● **What to produce**: Pictures in the listing do not belong in the copy, which should repeat exactly the lines from the one holding "Base Camp on" through the last line.

● **Data provided**:
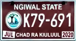 2020 (?) | Yellow serial on blue background; "Ngeremlengui State" and "Republic of Palau" in white at top and bottom respectively | Ngeremlengui | |||
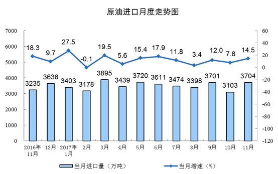 原油進(jìn)口增速加快。11月份,進(jìn)口原油3704萬噸,同比增長14.5%,增速比10月份加快6.7個(gè)百分點(diǎn)。1-11月份,進(jìn)口原油3.9億噸,同比增長12.0%。
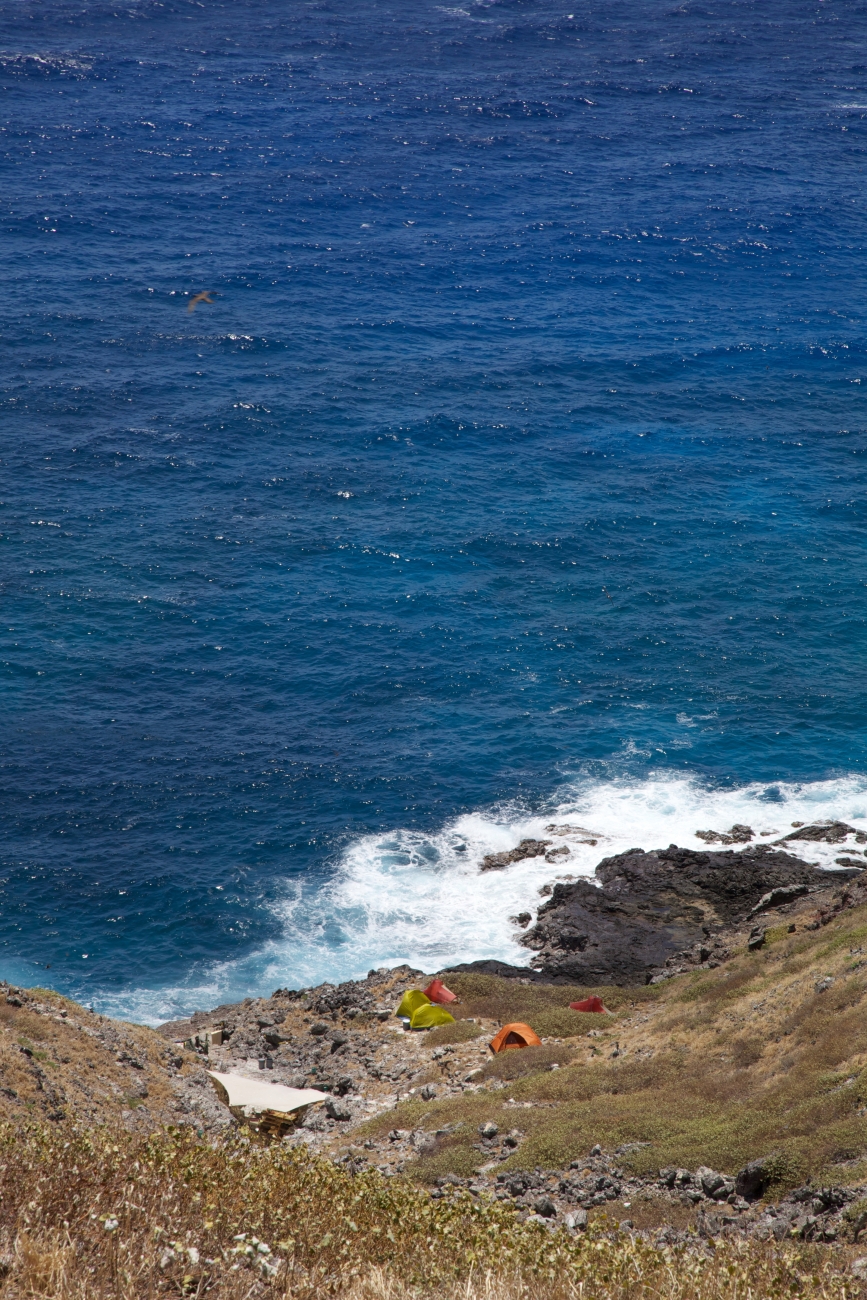 Base Camp on Nihoa. The Nihoa Millerbird is a tiny land bird that was discovered on the island of Nihoa in 1923. Another subspecies once occurred on Laysan Island, where it went extinct in the early 20th century after the island was devegetated by introduced rabbits. It has dark gray-brown feathers above, a buffy-white belly, and a thin dark colored bill. This bird got its name because its favorite food is the miller moth. Male and female birds are similar looking. They hves a metallic and bubbling voice.
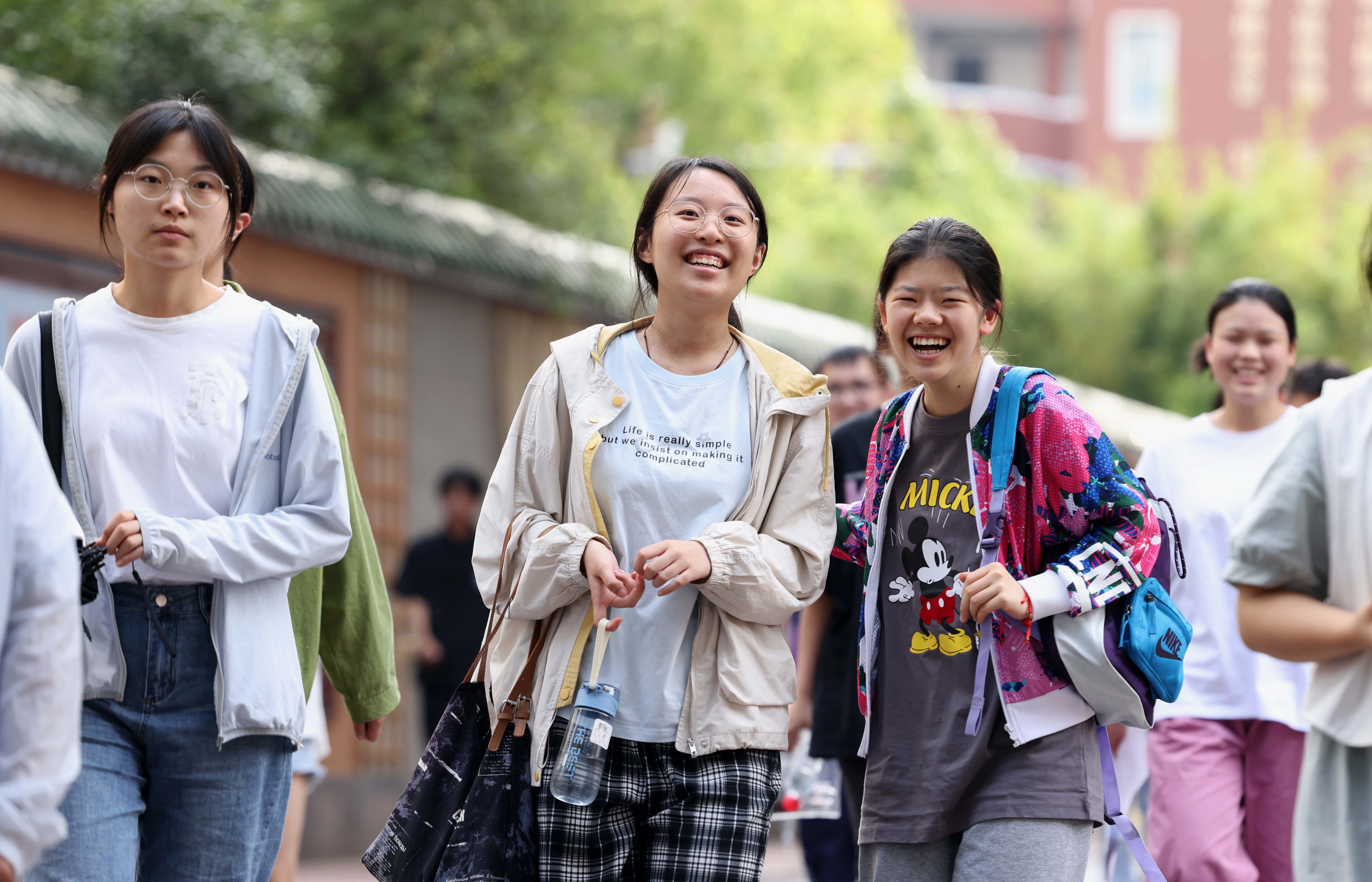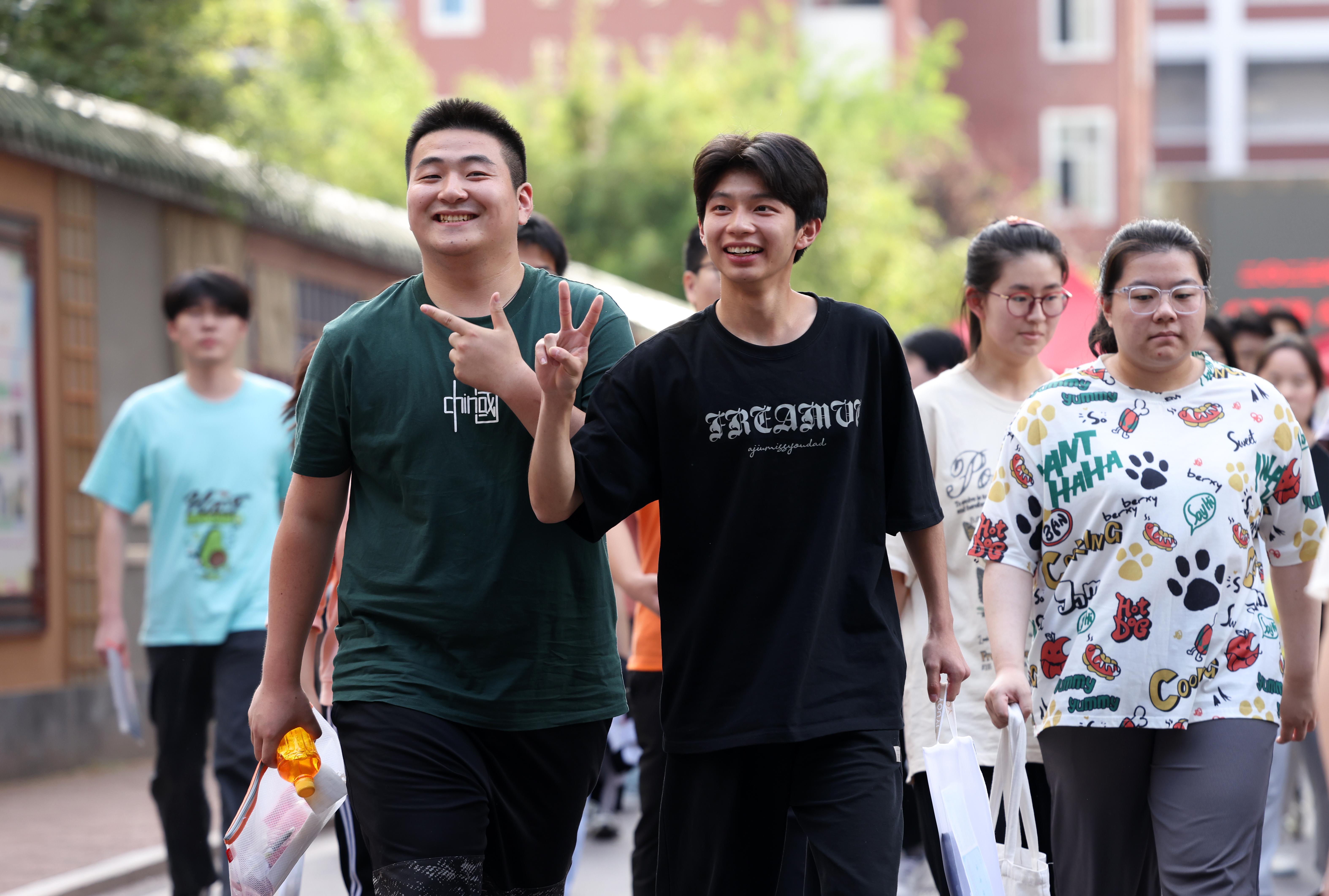 2023年6月8日,在安徽省合肥市第38中学高考考点,考生微笑的走出考场。

● **Exercise answer**:
 Base Camp on Nihoa. The Nihoa Millerbird is a tiny land bird that was discovered on the island of Nihoa in 1923. Another subspecies once occurred on Laysan Island, where it went extinct in the early 20th century after the island was devegetated by introduced rabbits. It has dark gray-brown feathers above, a buffy-white belly, and a thin dark colored bill. This bird got its name because its favorite food is the miller moth. Male and female birds are similar looking. They hves a metallic and bubbling voice.
 2023年6月8日,在安徽省合肥市第38中学高考考点,考生微笑的走出考场。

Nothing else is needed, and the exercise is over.